One small mercy I take from all of this is that Pippa doesn’t know any different. She doesn’t know her life without a cough. The common cold leads to endless nights of utter helplessness as she struggles to breathe and all we can do is try and keep her as calm as possible. I stupidly googled the actual mechanism of how COVID-19 infects the body (I am slightly addicted) and I went into a major panic for a few days about all the “what if’s” if she were to catch it. I am so grateful to live in regional South Australia at the moment where infection rates are minimal.
I’m not sure why I decided to write about this this week. Possibly because we are elbow deep in another bout of wet cough with asthma now thrown in on top, I know we are on borrowed time and will be in hospital soon for another round of IV antibiotics. Another two weeks away from my two big girls, another two weeks off work, another two weeks of no sleep, crappy food and being locked in four walls running out of way to entertain a frustrated toddler. Throw in a global health pandemic and it’s really not my idea of a good time. In saying all this, I know there are so many children and families out there much worse off than us. My heart breaks for them. I know how unforgiving our life can feel at times and Pippa isn’t a “sick” kid.

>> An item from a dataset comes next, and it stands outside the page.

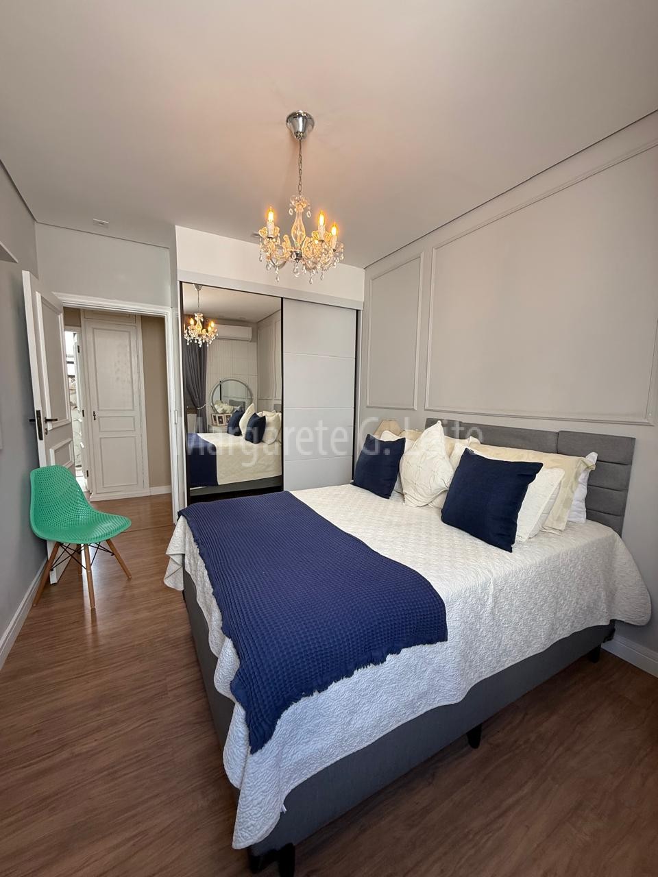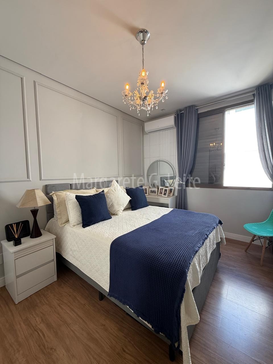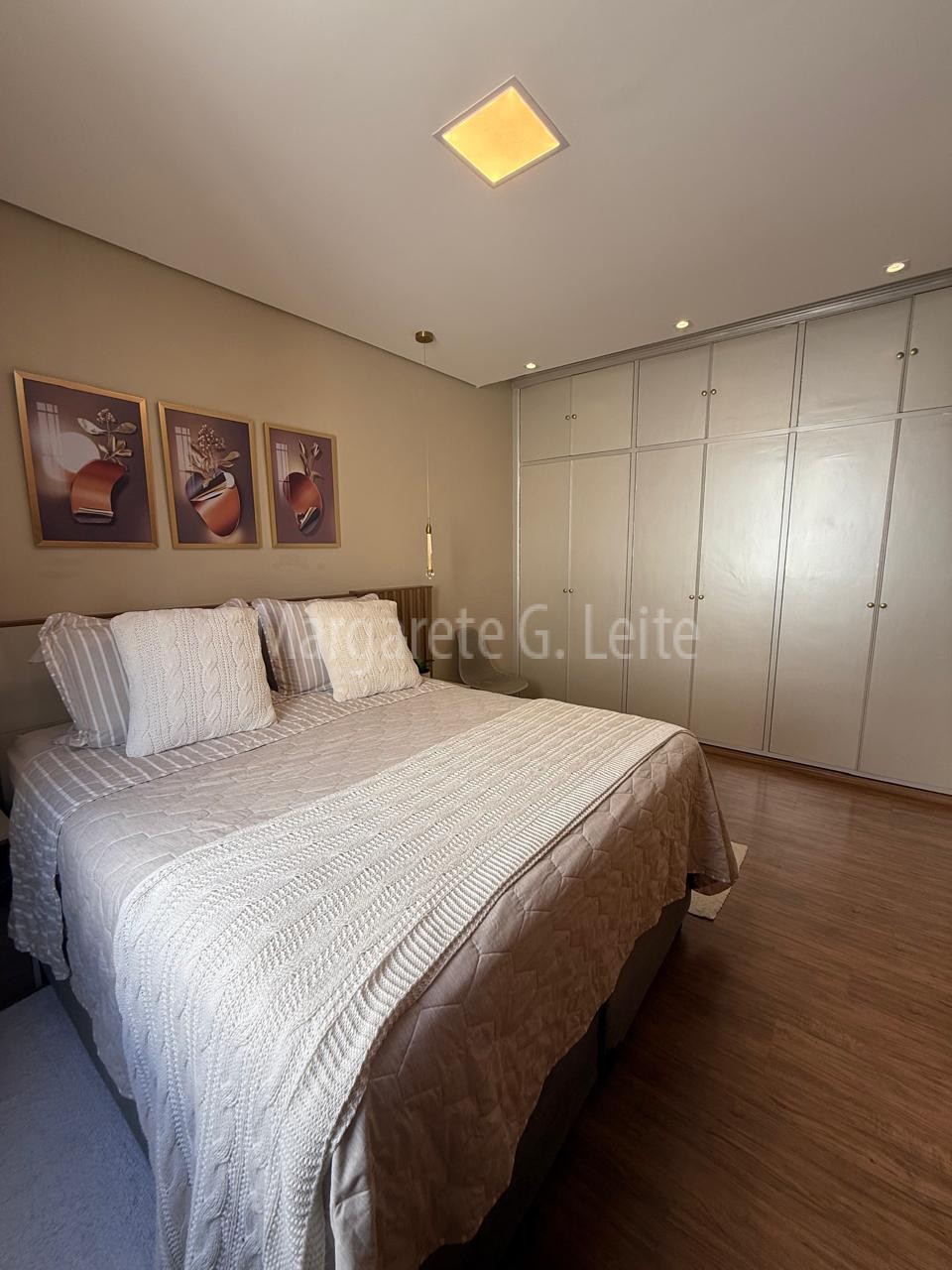 • Três dormitórios sendo uma suíte com armários  brancos piso laminado de madeira ar condicionado splith

This is another perspective of the “vulnerable” regarding the COVID-19 pandemic. Medically complex children who have spent the majority of their lives fighting. There are parents who live with the reality that they are going to be standing at their child’s funeral one day. Don’t cut their time short with their babies. I know you’re bored, I know you’re lonely, I know the kids are driving you to the verge of insanity and this is so hard but you will come through the otherside, together. Families with chronically ill children might not. Stay home, please.